Quindi preservare il dollaro come è adesso, un essenziale pivot del sistema commerciale internazionale, e promuovere gli stablecoin basati sul dollaro, non aggredendolo ma affiancandosi ad esso per svolgere un funzione moderatrice. Come candidato, Trump aveva criticato apertamente i CBDC durante la sua campagna, definendoli una “pericolosa minaccia alla libertà” e sostenendo che potrebbero “far sparire improvvisamente il denaro dai conti bancari delle persone”. L’O.E. invita infatti l’amministrazione a “proteggere gli americani dai rischi dei CBDC, che minacciano la stabilità del sistema finanziario, la privacy individuale e la sovranità degli Stati Uniti”.
Allo stesso tempo, Trump ha messo in chiaro che Washington mira a “rafforzare la leadership americana nella tecnologia finanziaria digitale”. Per la felicità di coloro che operano con le criptovalute e i relativi mercati. Ma c’è anche un’altra spiegazione per questa euforia.
Il sogno (o l’incubo) di una riserva in bitcoin
Le criptovalute promettono di essere al centro delle politiche economiche di Donald Trump nel suo secondo mandato di presidente degli Stati Uniti. La sua proposta più controversa è la creazione di una riserva strategica di bitcoin (SBR). Ciò comporterebbe l’acquisto da parte degli Stati Uniti di grandi quantità di criptovaluta nei prossimi anni, da tenere come riserva, simile alla riserva strategica di petrolio del Paese.
Tuttavia, è in gioco un’idea ancora più grande, potenzialmente: un cambiamento significativo nell’ordine economico globale, in cui nuovi attori e nuove forme di moneta iniziano ad assumere un ruolo sempre più importante. E come questo si concili con quanto disposto dal Presidente finora, con l’idea di un ‘dollar first’ che faccia ‘di nuovo grande l’America’, rimane di difficile esecuzione. Perché il dollaro è sotto attacco da anni. Soprattutto negli ultimi tempi i BRICS, con Russia e Cina in testa, stanno faticosamente cercando di costruire un nuovo sistema monetario ‘dollar free’: il trono del dollaro sta scricchiolandoogni giorno di più.

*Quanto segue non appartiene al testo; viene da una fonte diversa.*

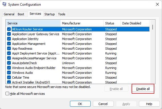 步骤 2.导航到系统配置 > 服务 > 选中隐藏所有 Microsoft 服务复选框 > 全部禁用。
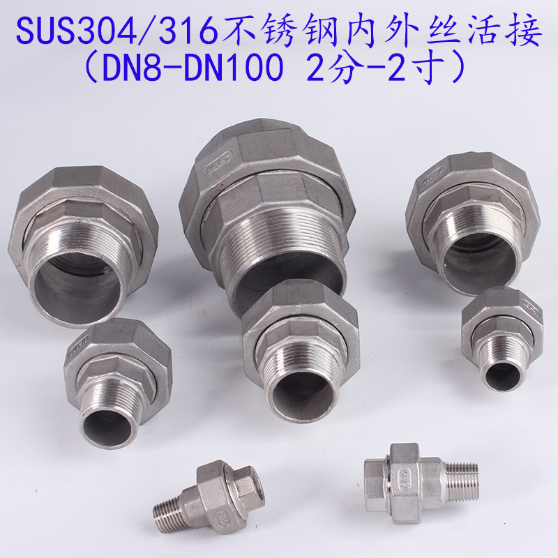 304 stainless steel inner and outer wire live stainless steel live connection inner and outer tooth pipe fitting joint 4 minutes 6 minutes 1 inch 2 inch
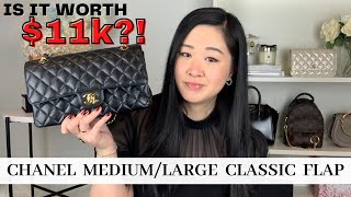 CHANEL MEDIUM/LARGE CLASSIC FLAP REVIEW, WEAR & TEAR, WHAT FITS & MOD SHOTS | CHANEL PRICE INCREASE
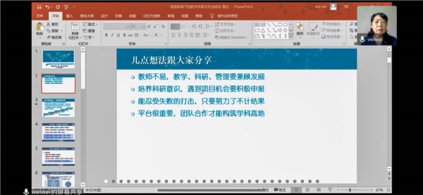紧接着,结合近期的线上课程,张彩娟、李彩凤、黎志凯等以自身的线上教学经验为例,分享“如何更好地进行线上教学”的心得体会。其中,张彩娟分享如何就线上签到、小组讨论和微信答疑三管齐下,确保教学效果。“虽然教学的地方和方式改变了,但是我们教育的初心没有变,心中有责、课中有情”,张彩娟如是说到。黎志凯指出,在线上教学中,最为贴近学生的教学方式为直播课,并且提出不能让学生成为只会听话的“小白兔”,而应让学生主动参与线上教学过程,积极思考。
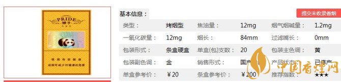| 煙長:84mm | 過濾嘴長:25mm | 包裝形式:條盒硬盒 | 單盒(包)支數(shù):20 |
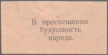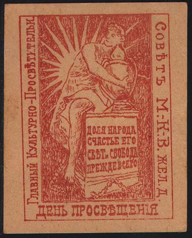 1917 1917(?) г. Разм. рамки 57 х 69 мм. Одноцветная печать на толстой желтоватой бумаге. В центре аллегорический рисунок. Текст в четыре строки: «Доля народа счастье его свет и свобода прежде всего». По периметру рамки текст: «Главный Культурно-Просветительн[ый]. Совет М.-К-.В. Жел. Д. День просвещения».
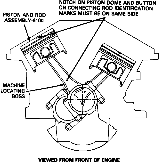 Assemble rod to piston with notch on piston dome on the same side as button on connecting rod, Fig. 10. When installing piston and connecting rod assembly in engine, notch on piston dome must face front. After installing connecting and piston assembly, check connecting rod side clearance. Connecting rod side clearance should be .006 to .014 inch.
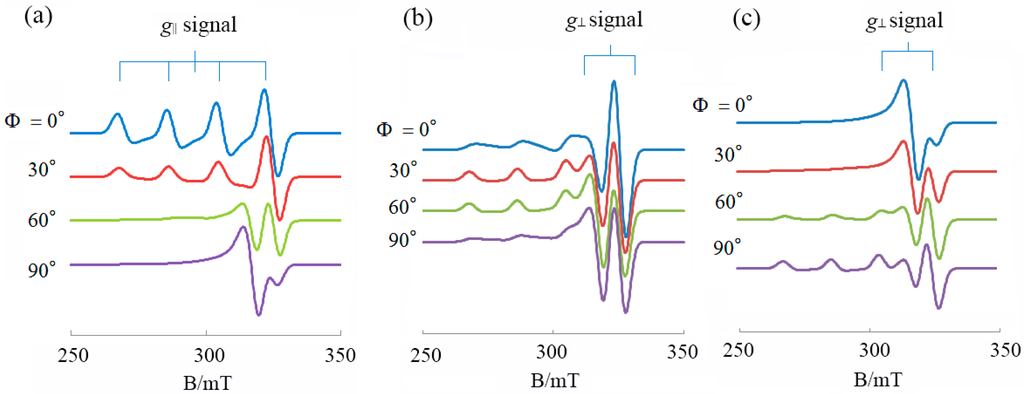 Typical DNA-fiber EPR spectra calculated for a planar Cu(II) complex with the g|| axis perpendicular to the coordination plane are shown in Figure 2. The details of the calculations have been reported elsewhere []. As shown in Figure 2a, when the g|| axis is parallel to Zf axis (θ0 = 0°), the intensity of the g|| signal has its maximum at Ф = 0° and minimum at Ф = 90°, and vice versa for the g signal. On the other hand, when the g|| axis is perpendicular to Zf axis (θ0 = 90°, Figure 2c), the intensity of the gsignal has its maximum at Ф = 0° and minimum at Ф = 90°, and vice versa for the g|| signal. When the g|| axis is inclined by 45° from Zf axis (Figure 2b), the intensity of the g|| signal has its maximum when Ф = 30°–60°.
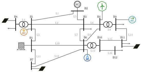 The VPP assets are dispersed across a 12-node network connected to the main grid through a PCC (bus 5) as shown in Figure 3. The capacities of D-RES, hydro (bus 6) is 111 MW. For ND-RESs, wind power plant (bus 4), solar PV (bus 8), and STU (bus 1) power block have rated capacities of 50 MW each. The thermal storage capacity associated with the STU is 1100 MWh. It is desired that, after an operation day, a predefined amount of such capacity is reserved for the first period of the next operation day such that it might be used to capture some benefits of early high prices before another charging period begins (see Equations (23) and (24)). Additionally, thermal storage can only be charged from the solar field and not from the main grid. The demands considered are industrial, airport, and residential loads (buses 3, 9, and 12) with minimum total consumption of 800, 580, and 600 MWh, respectively. Each demand has three profiles and the total consumption for each profile is the same.
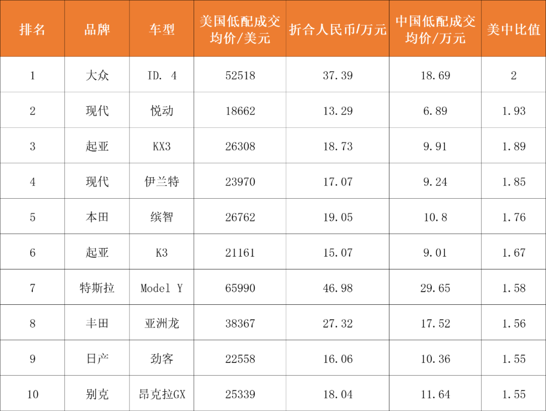 美国最低配成交均价22558美元,折合人民币16.06万元。中国最低配成交均价10.36万元。美中低配终端成交价比值1.55。
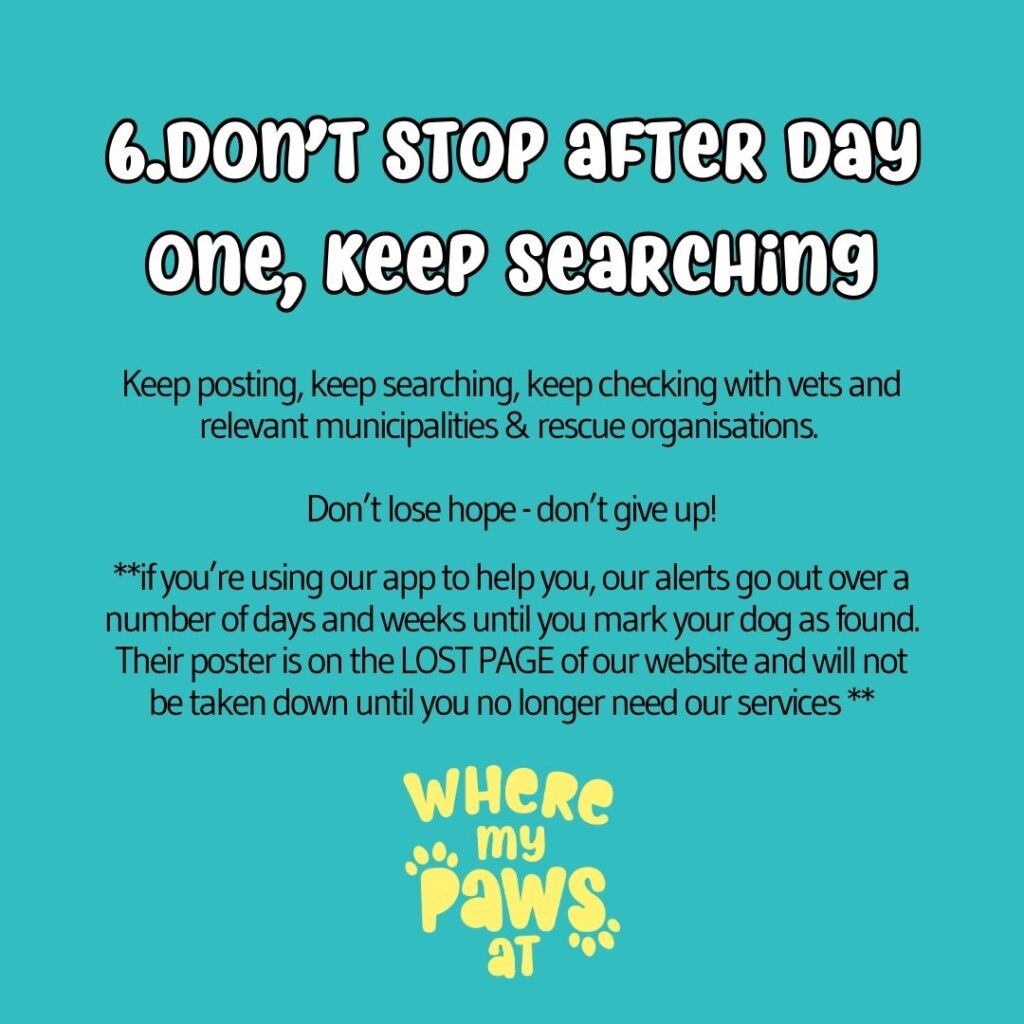 - Post on your local community pages – Facebook / Whatsapp – make sure you include your contact details and as much information about your dog as possible – like unique markings, approach slowly, they are scared of strangers etc.

L’equilibrio del potere si sta gradualmente spostando dagli Stati alle società che detengono le criptovalute, alle Borse su cui le criptovalute vengono scambiate e ai proprietari dei fondi di criptovaluta: questo potrebbe essere un momento di svolta. Se gli Stati Uniti, un’altra potenza economica di primo piano (come la Cina) o una serie di grandi economie emergenti (come il resto dei BRICS) diventassero detentori di bitcoin o di altre importanti criptovalute, si potrebbe scatenare una ‘corsa agli armamenti’ delle criptovalute su scala globale. In questo modo, un Paese dopo l’altro si precipiterebbe a rafforzare le proprie riserve.
Attualmente gli USA detengono circa 21 miliardi di dollari in criptovalute: nulla rispetto agli oltre 36 mila miliardi di debito pubblico statunitense, ma queste tendenze hanno il potenziale per rimodellare l’ordine economico globale, incorporando le crypto e il potere infrastrutturale degli attori privati in un regno tradizionalmente dominato dai maggiori Stati e dalle loro valute nazionali. Le ambizioni di Trump per una SBR sottolineano il ruolo crescente delle criptovalute nell’economia mondiale. Ma questi cambiamenti nell’ordine globale sono già in corso, indipendentemente dalla realizzazione dei piani del nuovo presidente per il bitcoin.
Resta da vedere se non si riveleranno un incubo alla fine, per i paesi dell’Occidente.